Грейс не приняла его шутливый тон и ответила вспышкой злости. Билли попытался стряхнуть обиду, посмеяться и забыть, но слова Грейс задели его за живое. Отмахнуться не вышло.
– Да, я все прекрасно понял. И вот тебе честный ответ. Может быть, получится. Если будешь работать, не жалея сил. Много и усердно. Так стараться, как никогда в жизни не старалась. Ты не прирожденный танцор. Однако можешь добиться своего тренировками.
– А прирожденный танцор – это как?
– Прирожденный танцор – это когда танцуешь, как дышишь, легко и естественно. Когда не столько учишься, сколько оттачиваешь природный талант. Есть и другая категория: рабочие лошадки, трудяги. Им приходится тренироваться круглыми сутками, но рано или поздно они тоже могут достигнуть вершин.
– Ты тоже много тренировался?
– У меня был талант.
– Хм-м, – протянула Грейс. – Значит, одного таланта маловато.
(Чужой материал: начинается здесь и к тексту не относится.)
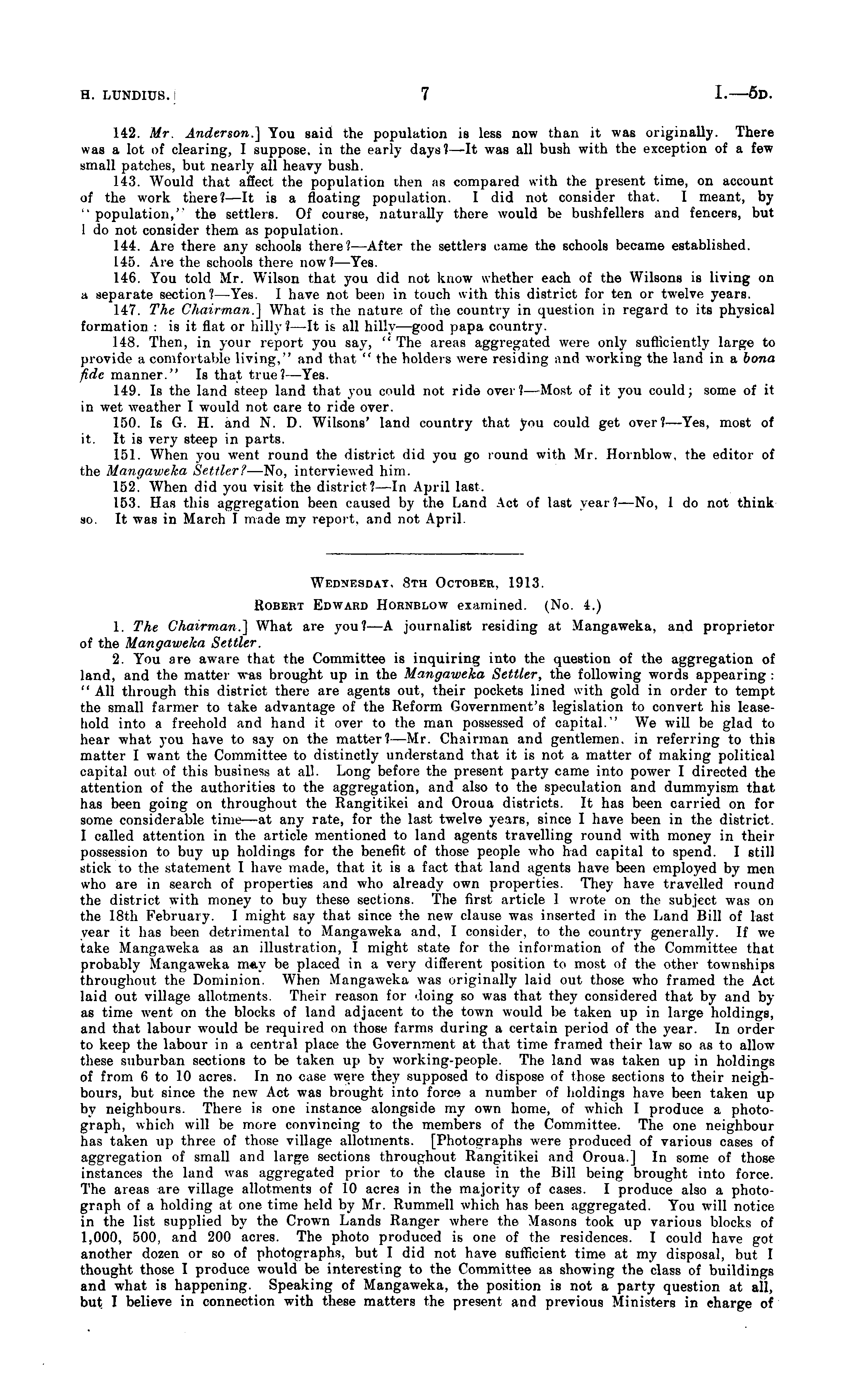 Wednesday. Bth October, 1913. Robert Edward Hornblow examined. (No. 4.) 1. The Chairman.] What are you?—A journalist residing at Mangaweka, and proprietor of the Mangaweka Settler. 2. You are aware that the Committee is inquiring into the question of the aggregation of land, and the matter was brought up in the Mangaweka Settler, the following words appearing : " All through this district there are agents out, their pockets lined with gold in order to tempt the small farmer to take advantage of the Reform Government's legislation to convert his leasehold into a freehold and hand it over to the man possessed of capital." We will be glad to hear what you have to say on the matter? —Mr. Chairman and gentlemen, in referring to this matter I want the Committee to distinctly understand that it is not a matter of making political capital out of this business at all. Long before the present party came into power I directed the attention of the authorities to the aggregation, and also to the speculation and dummyism that has been going on throughout the Rangitikei and Oroua districts. It has been carried on for some considerable time —at any rate, for the last twelve years, since I have been in the district. I called attention in the article mentioned to land agents travelling round with money in their possession to buy up holdings for the benefit of those people who had capital to spend. I still stick to the statement I have made, that it is a fact that land agents have been employed by men who are in search of properties and who already own properties. They have travelled round the district with money to buy these sections. The first article 1 wrote on the subject was on the 18th February. I might say that since the new clause was inserted in the Land Bill of last year it has been detrimental to Mangaweka and, I consider, to the country generally. If we take Mangaweka as an illustration, I might state for the information of the Committee that probably Mangaweka may be placed in a very different position to most of the other townships throughout the Dominion. When Mangaweka was originally laid out those who framed the Act laid out village allotments. Their reason for doing so was that they considered that by and by as time went on the blocks of land adjacent to the town would be taken up in large holdings, and that labour would be required on those farms during a certain period of the year. In order to keep the labour in a central place the Government at that time framed their law so as to allow these suburban sections to be taken up by working-people. The land was taken up in holdings of from 6to 10 acres. In no case were they supposed to dispose of those sections to their neighbours, but since the new Act was brought into force a number of holdings have been taken up by neighbours. There is one instance alongside my own home, of which I produce a photograph, which will be more convincing to the members of the Committee. The one neighbour has taken up three of those village allotments. [Photographs were produced of various cases of aggregation of small and large sections throughout Rangitikei and Oroua.] In some of those instances the land was aggregated prior to the clause in the Bill being brought into force. The areas are village allotments of 10 acres in the majority of cases. I produce also a photograph of a holding at one time held by Mr. Rummell which has been aggregated. You will notice in the list supplied by the Crown Lands Ranger where the Masons took up various blocks of 1,000, 500, and 200 acres. The photo produced is one of the residences. I could have got another dozen or so of photographs, but I did not have sufficient time at my disposal, but I thought those I produce would be interesting to the Committee as showing the class of buildings and what is happening. Speaking of Mangaweka, the position is not a party question at all, but I believe in connection with these matters the present and previous Ministers in charge of

– Прямо на больную мозоль.
– Извини.
– Ничего. Что поделаешь, горькая правда. Упорный труд составляет львиную долю успеха. Иногда усердие может заменить природные способности, но вот природные способности без усердия не стоят выеденного яйца.
– Не поняла, при чем тут львы… Ладно, я уже привыкла к твоим странностям. А вот про лень и талант – непонятно. Ты же не ленился?
– Нет.
– Испугался, значит.
– Давай поговорим о чем-нибудь другом. Тебе не кажется, что мистер Лафферти не захотел бы, чтобы ты пропускала тренировки? Даже в такой день.
– Думаешь?
– Он подарил тебе туфли и привез фанеру для танцев.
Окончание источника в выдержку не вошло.